• ACTIVITY
Every line in the data below from the one containing "數(shù)據(jù)來源:生態(tài" down to the one containing "A-floral-Dell is a", both included, must be retyped exactly; no other line is to appear.

• MATERIAL FOR THIS EXERCISE
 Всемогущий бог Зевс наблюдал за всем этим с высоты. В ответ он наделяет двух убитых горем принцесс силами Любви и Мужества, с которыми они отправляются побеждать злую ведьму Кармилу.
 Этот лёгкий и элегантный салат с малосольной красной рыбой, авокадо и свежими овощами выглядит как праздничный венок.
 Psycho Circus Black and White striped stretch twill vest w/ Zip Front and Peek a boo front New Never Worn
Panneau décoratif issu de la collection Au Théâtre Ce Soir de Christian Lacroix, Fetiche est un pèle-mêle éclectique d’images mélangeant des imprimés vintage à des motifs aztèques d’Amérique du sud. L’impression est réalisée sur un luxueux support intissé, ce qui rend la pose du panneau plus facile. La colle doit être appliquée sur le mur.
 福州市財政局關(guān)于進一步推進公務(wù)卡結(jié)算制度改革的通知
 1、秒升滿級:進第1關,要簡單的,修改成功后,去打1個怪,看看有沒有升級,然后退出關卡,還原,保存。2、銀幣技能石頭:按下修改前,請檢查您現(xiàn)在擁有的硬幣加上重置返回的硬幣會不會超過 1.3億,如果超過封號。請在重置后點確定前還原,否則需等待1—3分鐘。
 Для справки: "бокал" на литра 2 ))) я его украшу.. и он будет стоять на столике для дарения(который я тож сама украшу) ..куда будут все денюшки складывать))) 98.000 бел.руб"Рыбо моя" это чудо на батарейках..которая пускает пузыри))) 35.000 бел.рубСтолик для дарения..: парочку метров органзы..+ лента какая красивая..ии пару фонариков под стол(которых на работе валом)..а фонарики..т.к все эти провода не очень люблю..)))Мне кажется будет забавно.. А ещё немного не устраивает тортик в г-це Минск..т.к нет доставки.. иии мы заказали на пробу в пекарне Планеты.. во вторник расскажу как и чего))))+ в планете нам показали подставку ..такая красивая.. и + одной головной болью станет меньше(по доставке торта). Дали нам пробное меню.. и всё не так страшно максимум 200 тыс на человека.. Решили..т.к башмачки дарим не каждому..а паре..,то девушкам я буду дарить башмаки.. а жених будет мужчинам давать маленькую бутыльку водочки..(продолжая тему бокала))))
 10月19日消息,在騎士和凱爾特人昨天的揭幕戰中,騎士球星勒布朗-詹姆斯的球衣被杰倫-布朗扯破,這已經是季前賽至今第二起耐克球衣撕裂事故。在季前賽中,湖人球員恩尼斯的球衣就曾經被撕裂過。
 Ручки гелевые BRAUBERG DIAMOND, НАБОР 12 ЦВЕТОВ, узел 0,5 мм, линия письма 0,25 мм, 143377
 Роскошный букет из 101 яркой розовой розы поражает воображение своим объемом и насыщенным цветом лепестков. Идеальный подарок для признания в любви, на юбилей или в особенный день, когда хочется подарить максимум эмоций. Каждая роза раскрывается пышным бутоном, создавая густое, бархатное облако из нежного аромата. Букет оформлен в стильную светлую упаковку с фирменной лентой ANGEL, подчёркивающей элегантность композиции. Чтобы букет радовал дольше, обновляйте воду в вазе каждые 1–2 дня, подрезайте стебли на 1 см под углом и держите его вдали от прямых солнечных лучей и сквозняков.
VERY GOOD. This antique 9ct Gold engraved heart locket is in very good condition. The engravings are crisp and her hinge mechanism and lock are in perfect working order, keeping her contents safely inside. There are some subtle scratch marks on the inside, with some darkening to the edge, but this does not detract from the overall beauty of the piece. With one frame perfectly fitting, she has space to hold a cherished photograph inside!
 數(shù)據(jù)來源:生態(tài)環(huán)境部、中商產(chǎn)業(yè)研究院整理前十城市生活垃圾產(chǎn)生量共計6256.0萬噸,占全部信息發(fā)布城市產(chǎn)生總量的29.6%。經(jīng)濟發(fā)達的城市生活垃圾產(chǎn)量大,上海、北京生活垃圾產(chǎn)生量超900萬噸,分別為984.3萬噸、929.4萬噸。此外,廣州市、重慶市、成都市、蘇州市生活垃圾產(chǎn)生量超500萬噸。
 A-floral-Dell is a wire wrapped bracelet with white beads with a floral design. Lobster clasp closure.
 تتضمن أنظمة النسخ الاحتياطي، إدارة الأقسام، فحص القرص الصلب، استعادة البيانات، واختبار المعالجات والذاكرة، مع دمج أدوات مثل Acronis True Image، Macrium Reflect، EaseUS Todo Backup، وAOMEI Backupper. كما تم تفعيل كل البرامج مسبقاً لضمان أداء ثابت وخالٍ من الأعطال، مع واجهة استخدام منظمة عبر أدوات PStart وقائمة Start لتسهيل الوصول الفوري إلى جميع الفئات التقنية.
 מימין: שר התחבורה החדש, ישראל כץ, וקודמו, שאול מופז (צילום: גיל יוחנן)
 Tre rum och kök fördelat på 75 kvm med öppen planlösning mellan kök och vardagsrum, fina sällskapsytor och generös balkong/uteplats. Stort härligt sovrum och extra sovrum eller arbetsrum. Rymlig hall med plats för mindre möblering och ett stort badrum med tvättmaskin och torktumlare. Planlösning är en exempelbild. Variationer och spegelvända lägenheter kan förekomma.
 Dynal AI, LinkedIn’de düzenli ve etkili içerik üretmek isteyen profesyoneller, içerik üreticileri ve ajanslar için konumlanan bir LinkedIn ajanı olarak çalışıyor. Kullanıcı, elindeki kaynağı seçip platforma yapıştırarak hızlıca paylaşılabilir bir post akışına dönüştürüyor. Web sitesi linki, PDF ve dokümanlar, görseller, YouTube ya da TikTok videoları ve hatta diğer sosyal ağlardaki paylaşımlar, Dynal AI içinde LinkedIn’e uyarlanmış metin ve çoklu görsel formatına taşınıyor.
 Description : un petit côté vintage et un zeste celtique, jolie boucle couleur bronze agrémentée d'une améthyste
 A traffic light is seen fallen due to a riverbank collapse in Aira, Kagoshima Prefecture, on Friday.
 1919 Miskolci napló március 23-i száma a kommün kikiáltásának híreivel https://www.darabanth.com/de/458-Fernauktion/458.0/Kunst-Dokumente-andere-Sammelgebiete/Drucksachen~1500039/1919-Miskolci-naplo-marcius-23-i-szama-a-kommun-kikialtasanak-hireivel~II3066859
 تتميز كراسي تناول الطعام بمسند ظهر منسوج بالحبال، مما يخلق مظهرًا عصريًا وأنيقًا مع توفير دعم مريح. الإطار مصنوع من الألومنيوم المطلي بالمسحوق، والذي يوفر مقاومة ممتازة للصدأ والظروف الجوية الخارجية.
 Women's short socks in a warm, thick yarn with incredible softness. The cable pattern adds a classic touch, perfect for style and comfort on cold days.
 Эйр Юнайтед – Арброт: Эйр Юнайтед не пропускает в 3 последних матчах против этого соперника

• RESPONSE BELOW
 數(shù)據(jù)來源:生態(tài)環(huán)境部、中商產(chǎn)業(yè)研究院整理前十城市生活垃圾產(chǎn)生量共計6256.0萬噸,占全部信息發(fā)布城市產(chǎn)生總量的29.6%。經(jīng)濟發(fā)達的城市生活垃圾產(chǎn)量大,上海、北京生活垃圾產(chǎn)生量超900萬噸,分別為984.3萬噸、929.4萬噸。此外,廣州市、重慶市、成都市、蘇州市生活垃圾產(chǎn)生量超500萬噸。
 A-floral-Dell is a wire wrapped bracelet with white beads with a floral design. Lobster clasp closure.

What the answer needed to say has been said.